AIS Healthcare Is Fighting Back Against the Opioid Epidemic — Here’s How

Many Americans and their families have suffered from the opioid epidemic that has gripped the nation for several decades. According to the Centers for Disease Control and Prevention (CDC), there were an estimated 107,622 drug overdose deaths in the United States during 2021, an increase of nearly 15% from the 93,655 deaths estimated in 2020. AIS Healthcare is one pharmacy provider fighting back against this devastating opioid epidemic. Here’s how it’s helping patients, families, and physicians.
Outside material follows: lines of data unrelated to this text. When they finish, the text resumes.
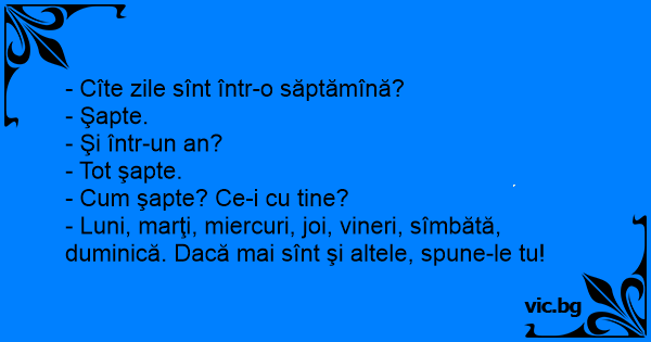 - Luni, marţi, miercuri, joi, vineri, sîmbătă, duminică. Dacă mai sînt şi altele, spune-le tu!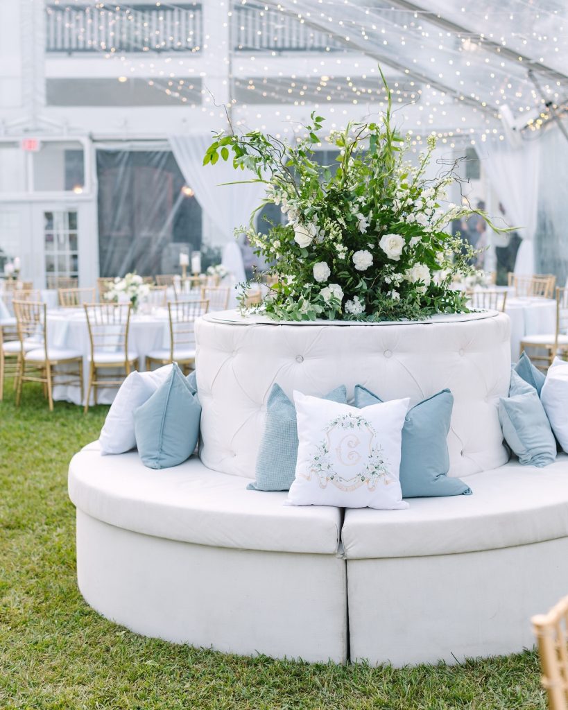 Create intimate seating areas with white chairs, ottomans and blue accent pillows, encouraging guests to relax, connect and have fun in sophisticated comfort.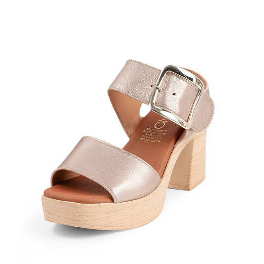Esta sandalia destaca por su suela tipo plataforma en tono natural con textura que imita...
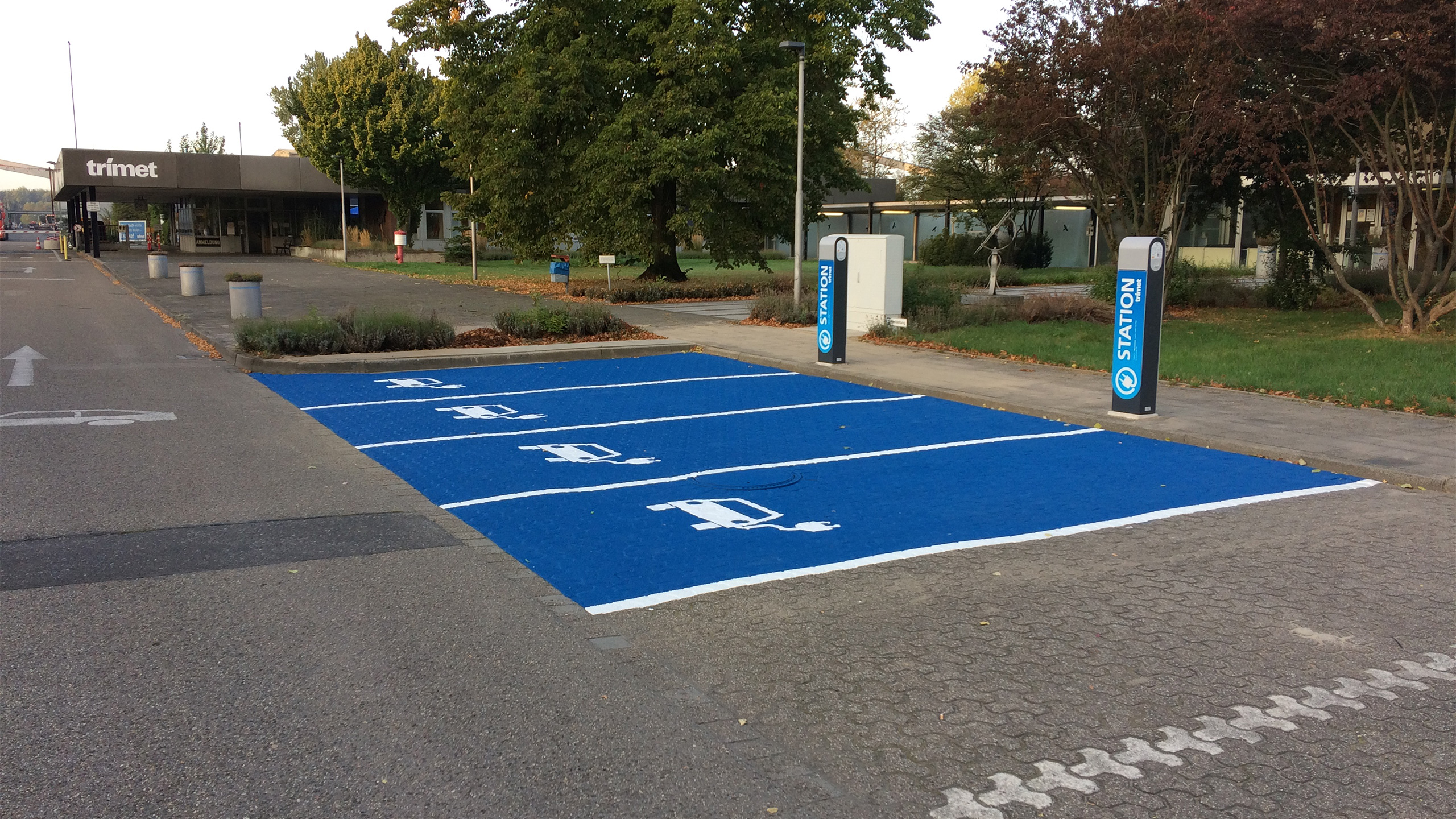 Two charging columns with four charging points are installed on the areas marked in blue, which supply electric motors with "fuel". The decisive factor for the installation was that environmentally friendly driving is on the rise at TRIMET. The number of e-cars in the TRIMET fleet is increasing, and many colleagues regularly commute between the Voerde and Essen sites, where charging stations are already in place.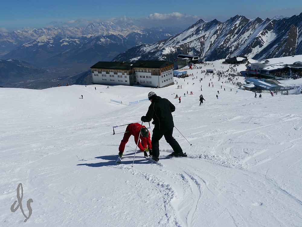 Und am nächsten Morgen grinst Heli verschmitzt und spricht von Hängen und Bergschultern. Seinem Schüler huscht kurz Entsetzen übers Gesicht. Aber hey: Ist der Hang nur breit genug, lässt er sich im Zickzack flach befahren. „Berg- und Tal-Ski“ oder nein, „Innen- und Außen-Ski“ sind heute dran. Bis die Frage aufkommt: Wie zum Teufel kommt man beim Zickzack um die Ecke !? Inzwischen übrigens auf den Gletscherhängen von Kaprun, wo auch der Frühlingsschnee noch fester ist. Jedenfalls kommt hier Schwung in die Sache:

The truth is that for patients suffering from severe chronic pain and spasticity, opioid medication can often be an essential path to a higher quality of life. But oral opioids can also be highly addictive and harmful to patients. And when they’re overprescribed, abused or diverted, opioids can cause serious harm.

About 20% of American adults suffer from chronic pain. In 2022, the CDC released new guidelines around prescribing opioids, updating its 2016 recommendations.

According to the CDC, drug overdose deaths have risen dramatically in the past few years and were at record levels during the Covid-19 pandemic. The CDC says most drug overdose deaths still involve opioids, with 72,000 overdose deaths from synthetic opioids alone in 2021.

“The science on pain care has advanced over the past six years,” said Dr. Debbie Dowell, chief clinical research officer for CDC’s Division of Overdose Prevention. “During this time, CDC has also learned more from people living with pain, their caregivers, and their clinicians. We’ve been able to improve and expand our recommendations by incorporating new data with a better understanding of people’s lived experiences and the challenges they face when managing pain and pain care.”

Oral opioids are not only at the center of the opioid epidemic in the United States; they also have side effects for patients who take the prescribed dose over a long period of time. For instance, because oral opioids go through a person’s blood system, they can damage organs like the kidneys and the gastrointestinal system. Oral opioids can also be the cause of other comorbid conditions.

Unfortunately, for too long, oral opioids have been too readily available to children or to anybody else who wants to look for them.

The country is increasingly regulating the use of oral opioids. In some states, physicians cannot prescribe more than seven days of an oral opioid to a patient. As a result, many physicians are looking for alternative treatment options.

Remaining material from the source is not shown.